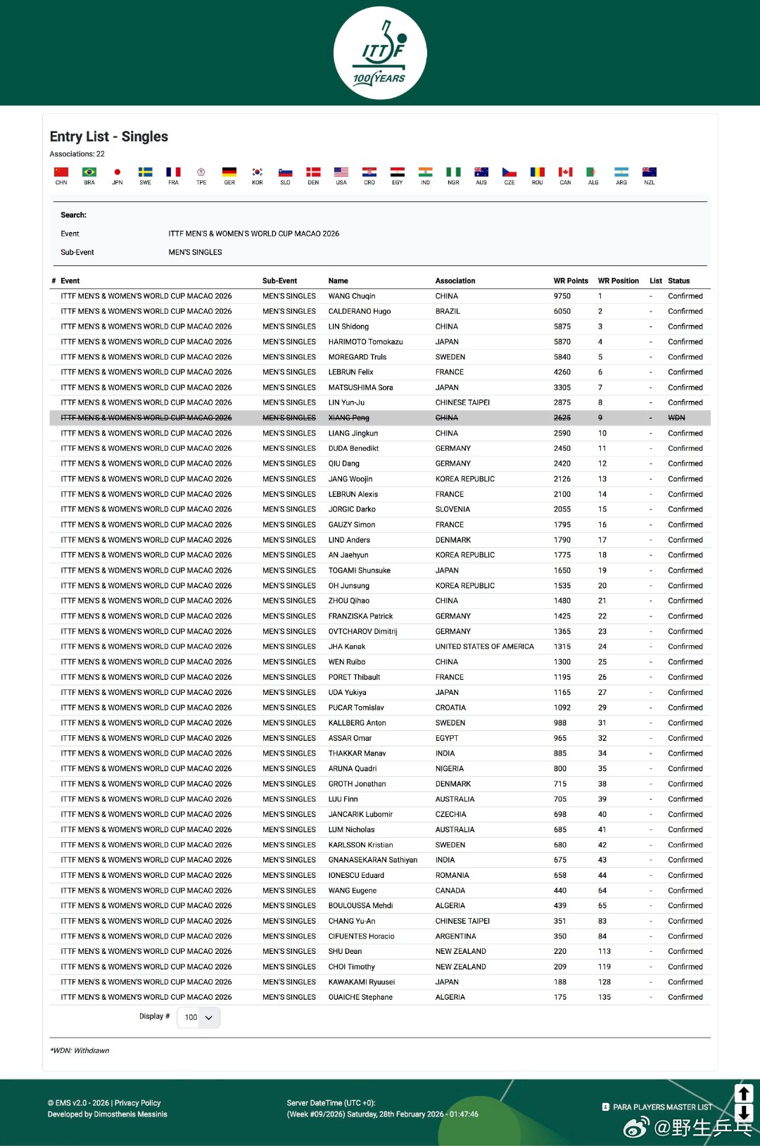 🏓️根据国际乒联官网显示的报名名单,2026澳门世界杯中国队参赛名单如下:男单:王楚钦、林诗栋、梁靖崑、周启豪、温瑞博女单:孙颖莎、王曼昱、陈幸同、蒯曼、王艺迪、覃予萱
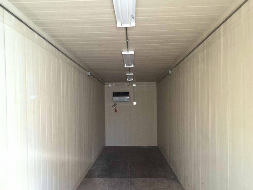 40ft High Cube container cut down to 30ft length and converted into an on-site temperature controlled storage unit for a retail clothing store.
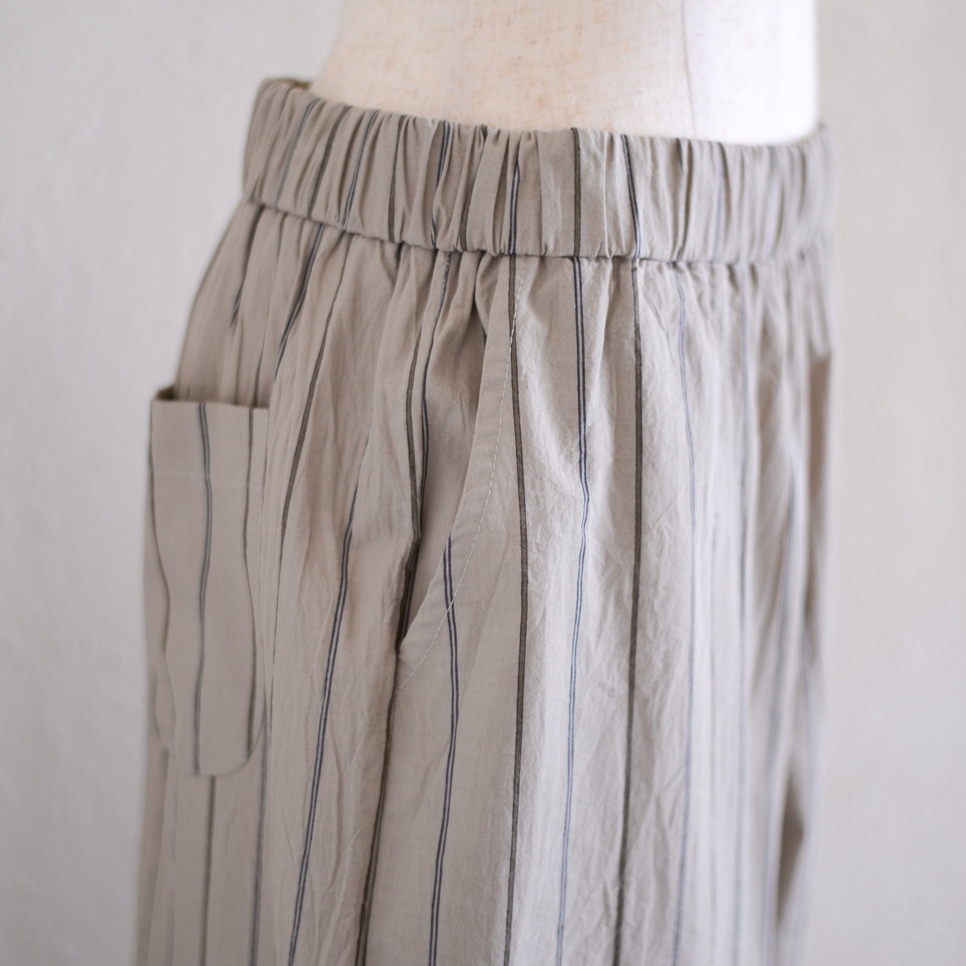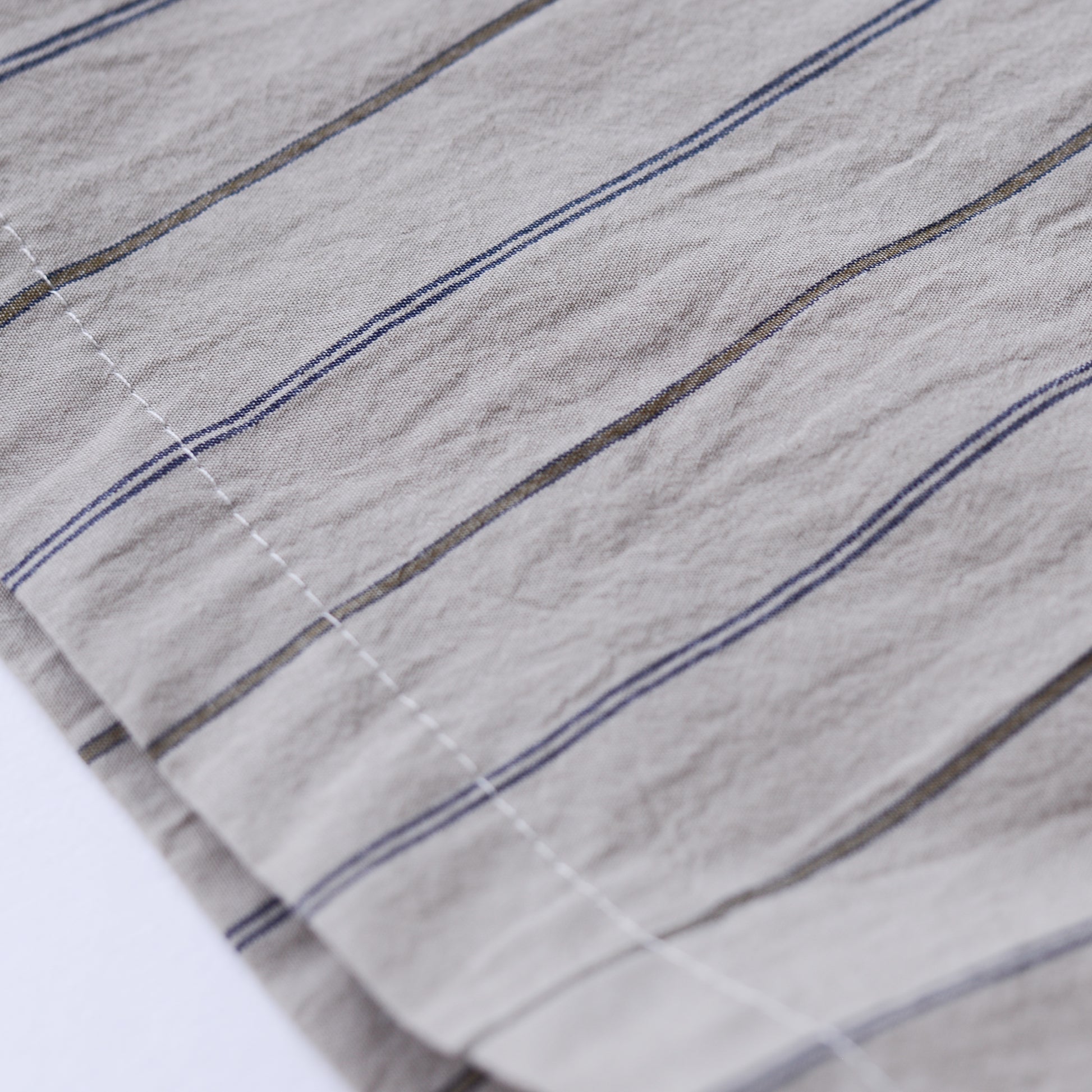 グレイ地にブルーとブラックのラインが走るストライプは、すっと縦に流れるラインが大人っぽく、どこか知的な雰囲気。
____
■ **Exercise instructions**
Word for word, print the material above, but without its pictures.

■ **Answer to this task**
 🏓️根据国际乒联官网显示的报名名单,2026澳门世界杯中国队参赛名单如下:男单:王楚钦、林诗栋、梁靖崑、周启豪、温瑞博女单:孙颖莎、王曼昱、陈幸同、蒯曼、王艺迪、覃予萱
 40ft High Cube container cut down to 30ft length and converted into an on-site temperature controlled storage unit for a retail clothing store.
 グレイ地にブルーとブラックのラインが走るストライプは、すっと縦に流れるラインが大人っぽく、どこか知的な雰囲気。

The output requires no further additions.